Метр Юге усмехнулся и, отвернувшись, пробормотал, что господь бог, конечно же, простит ему былые проказы, но кто, мол, через все это не проходил или хотя бы разок вместо двери в окно не выходил?

IX О великой битве между жителями деревни Фламо и деревни Вендель, a коей участвовали и женщины,

В мае месяце, когда в полях вновь начинаются любовные забавы, жители деревни Фламо основали сообщество лучников и каждый праздник премного упражнялись в стрельбе из лука; дело у них шло так успешно, что во всей округе только об этом и говорили и не уставали их хвалить. Однако так продолжалось недолго, ибо жители деревни Вендель, как известно, их ближайшие соседи, начали испытывать к ним зависть и тайную вражду, слыша такого рода похвалы и одобрительные отзывы: сердило их то, что хвалят соседей, а они считали, что и сами молодцы хоть куда и не менее ловки. Жители Венделя эту свою вражду затаили глубоко, но до поры до времени они притворялись и ничем ее не выказывали, хотя, когда пасли скот на лугах или пахали землю либо занимались иными полевыми работами, их так и подмывало затеять ссору с соседями. Но все же зависть свою они долго скрывать не могли, и она непременно должна была выйти наружу, подобно тому как огонь, что долго таился под пеплом, вдруг вспыхивает ярким пламенем как раз по той причине, что угли неприметно тлели под золою. И вот однажды, когда четверо или пятеро крестьян из каждой деревни ненароком оказались рядом, жители Венделя затеяли ссору, стали задевать соседей и завели с ними яростный спор о своих правах да преимуществах; жители Фламо были этим немало удивлены, ибо не понимали истинной причины свары и думали, что ссора началась из-за пустяков и что вся-то она выеденного яйца не стоит. А посему они и попросили соседей ссору прекратить и больше их не задевать, говоря, что все они, мол, друг дружку знают и что не стоит, дескать, так сердиться да злобиться, ибо без соседей ведь не проживешь.

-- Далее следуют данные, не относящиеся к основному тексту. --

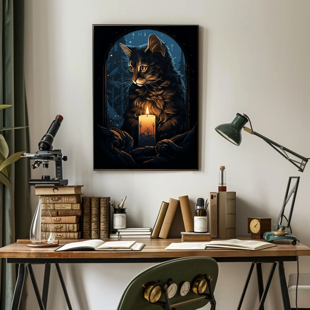 - Detailed design highlighting the serene cat amid an enchanted evening scene
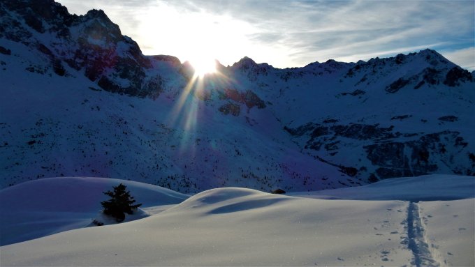 Von Partnun bis ca. 2000 müM leichte Kruste über dem Pulver ( Feuchter Neuschnee von Gestern ) dann Pulver bis ca. 2600 müM nun war der Pulver zunehmend verblasen.

– Эх, да будь у нас столько экю, сколько у вас козьего дерьма, в коем вы по горло сидите, – отвечали им на это жители Венделя, – мы бы куда как богаты были!

Жители Фламо, как и подобает людям рассудительным, ничего на это не ответили, ибо что пользы спорить с тем, кто прикидывается глухим. Они только сказали:

– Ладно, ладно, так уж и быть! Вы, конечно, люди любезные, славные. Ступайте, ступайте, вас, видать, с кислого молока развезло.

Жители Венделя распалились и в свой черед отвечали, что их соседи из Фламо – известные потаскуны да хвастуны, но что они даже землю возделывать не умеют, а потому бедны, как церковные крысы, и только языком молоть горазды. А вот в Венделе земля дает гораздо больший урожай, чем земля ео Фламо, и это могут по чистой совести подтвердить те, кто живет возле Ведского брода,[274] ближайшие соседи и друзья тех и других. А что до скотины, то, сказать по правде, бараны из Фламо не идут ни в какое Сравнение с их собственными баранами, а уж быки и подавно. Так что нечего-де впредь чепуху молоть, потому как верх все равно за нами. Жители Фламо, однако ж, твердо и упрямо гнули свое, говоря, что земля у них, мол, гораздо плодороднее и лучше ухожена, чем в деревне Вендель, где ничего не растет, окромя чертополоха, терновника да репьев, и живут-то люди в той деревне, точно нехристи какие, не ведая стоящих забав; они же тут, во Фламо, напротив того, отличаются в стрельбе из лука, так что на них даже приходят глядеть пригожие девицы, кои ни за что на свете в Вендель не пойдут, ибо тамошние жители просто пентюхи и неповоротливы, как раскормленные быки.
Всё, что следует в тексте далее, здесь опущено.